Thus, plexinA1 (plexA1) and NP-1 were implicated in DC migration through endothelial layers and lymphatic entry 29, yet also in T-cell activation by murine or
human DC 30–32, though neither their co-segregation at the IS nor their ligands there clearly identified. In contrast, the plexA1/NP-1 complex relays repulsive signals when exposed to soluble SEMA3A thereby causing loss of thymocyte adhesion, impairing actin cytoskeletal reorganization and activation of essential components of TCR signalling, or controlling Fas-mediated apoptosis 33–37. Apparently, timely regulated IS recruitment and the respective interaction molecule essentially determine the ability of plexA1/NP-1 to promote or terminate T-cell activation. In line with this hypothesis, repulsive SEMA3A is produced only late in DC/T-cell co-cultures 34. The role of plexA1/NP-1 and their ligands in viral immunomodulation Selleck Doxorubicin has not yet been addressed.
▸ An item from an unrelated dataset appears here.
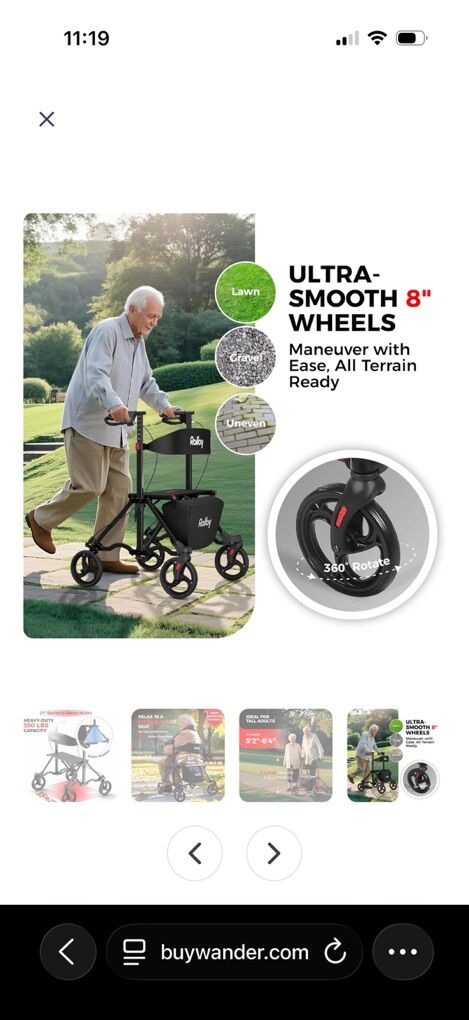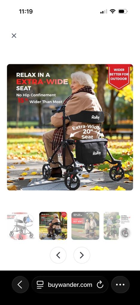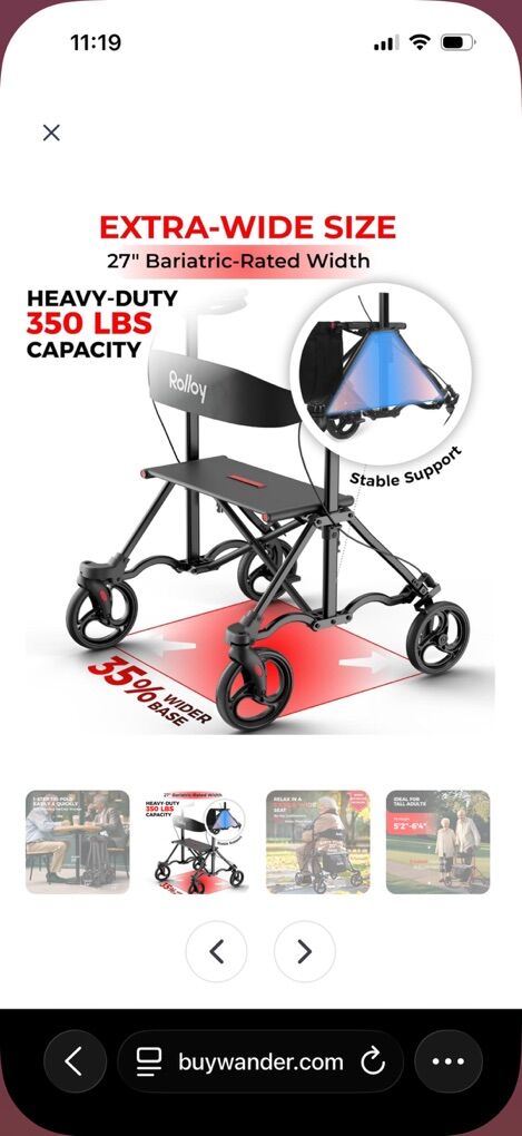 VenmoRollator Walkers for Seniors with Seat, Aluminum Ultra-Compact Travel Rolling Walker, 350lbs Capacity, 20 Extra-Wide Seat, Heavy-Duty, Easy Folding, Height Adjustable for Tall over 6ft, 8 Big Wheels Black Extra Wide 2200RW. MSRP $219.00

Based on the hypothesis that signalling to conjugating T cells might contribute to MV interference with IS stability and function, we addressed the role of plexA1/NP-1 and their ligand SEMA3A in this system. We found that levels of plexA1/NP-1 on MV-exposed T cells or MV-infected DC did not differ from those measured on controls. In T cells, however, contact to the viral gps abrogated translocation of both plexA1 and NP-1 towards stimulatory interfaces as required
for their ability to enhance IS efficiency. As a second STA-9090 ic50 level of IS interference, MV-DC released high Thalidomide levels of repulsive SEMA3A early after infection and this accounted for loss of filamentous actin and actin-based protrusions of T cells, altogether indicating that MV affects plexA1/NP-1 signalling in the IS. PlexA1/NP-1 supports IS stability and function, both of which are impaired if these involve MV-infected DC (MV-DC), or T cells pre-exposed to the MV gp complex. To analyze the role of plexA1/NP-1 in destabilization of the MV-DC/T-cell IS, we first
analyzed whether MV affected surface expression of these molecules within the experimental conditions used throughout our study. These involved MV-infected DC (to evaluate effects of direct infection as occurring in vivo 6) and T cells exposed to UV-inactivated MV to mimic T-cell surface contact-dependent signalling elicited by the viral gp complex (displayed by MV-infected DC) in the presence of fusion inhibitory peptide (to avoid MV uptake). In line with the published data, both plexA1 and NP-1 were expressed to very low levels on freshly isolated human primary T cells, and this was not altered upon UV-MV exposure (or mock exposure; both applied for 2 h) (Fig. 1A). In permeabilized T cells, especially plexA1 was efficiently detected indicating it mainly resides in intracellular compartments (not shown here, and Fig. 2C).